Mit Tinguely zusammen, auch nach der Trennung waren die beiden weiter eng verbunden, erstellte sie in Stockholm die größte Nana-Skulptur, Hon, die durch ihre Vagina betreten werden konnte. Im Inneren wurde das Werk durch kinetische Maschinen von Tinguely ergänzt. Sie arbeiteten in Jerusalem an einer monumentalen Skulptur für einen Kinderspielplatz und fertigten gemeinsam einen Film an. Ein sehr bekanntes Beispiel für ihre Zusammenarbeit ist der Strawinsky-Brunnen neben dem Centre Pompidou in Paris.

Niki de Saint Phalle, Jean Tinguely, Strawinsky-Brunnen, Paris

Im Mai 2002 starb Niki de Saint Phalle, im Alter von nur 72 Jahren. Die französisch-amerikanische Künstlerin, eine Ikone weiblicher Kunstgeschichte, hat ein vielfältiges Oeuvre hinterlassen: Der Tarotgarten in der Toskana, ein eigenes Parfum, Theater-, Buch- und Filmproduktionen sind nur einige Beispiele für ihre Kreativität.
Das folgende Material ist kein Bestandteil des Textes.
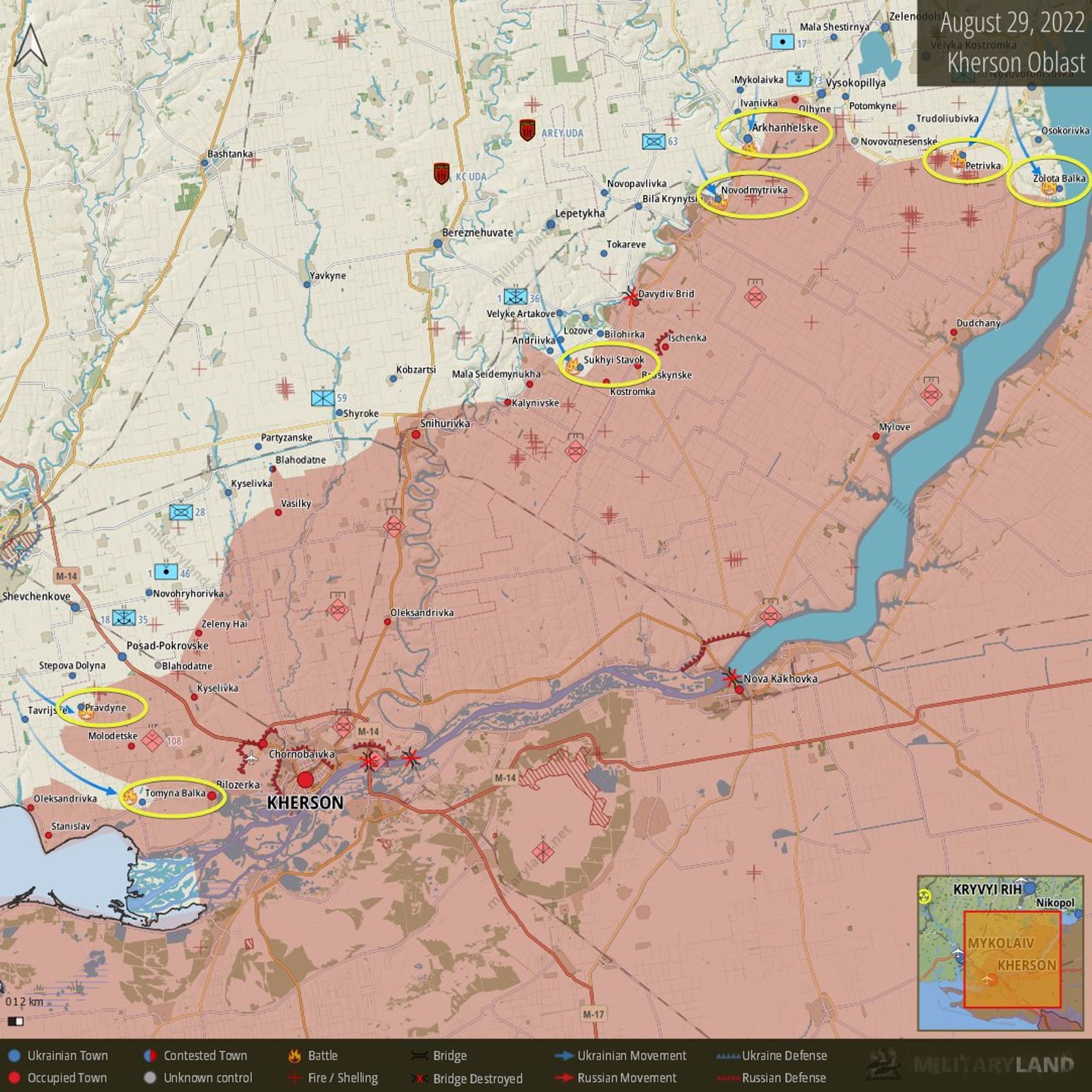 Бои у Ингулецкого плацдарма, в районе Снигиревки и прямое наступление на Херсон видны и на спутниковых снимках пожаров NASA Firms. Бывший руководитель боевиков ДНР Игорь Гиркин (Стрелков) сообщает (впрочем, не уточняя источник), что впервые ВСУ начали применять HIMARS по пехоте, тогда как ранее эта артилерия использовалась только для уничтожения объектов в тылу — складов вооружения, пунктов управления.

Die Schießbilder und insbesondere La mort du Patriarche beeindrucken mich am stärksten!

[i] Krempel 2016, S. 18.
[ii] Sieg 2016, S. 109.
[iii] Niki de Saint Phalle im Film Daddy: la mort du papa, fin du film “daddy” par Niki de Saint Phalle.
[iv] Niki de Saint Phalle in dem Film von Peter Schamoni, Niki de Saint Phalle: Wer ist das Monster, Du oder Ich?, München, Universum-Film, 1994/95, zitiert in: Sieg 2016, S. 103.
[v] Saint Phalle, Niki de, Retrospektive 1954 – 80 im Wilhelm-Lehmbruck-Museum, Oberhausen, 1980, S. 21.
[vi] Niki des Saint Phalle in einem Interview mit Ulrich Krempel, in: Krempel 2000, S. 67.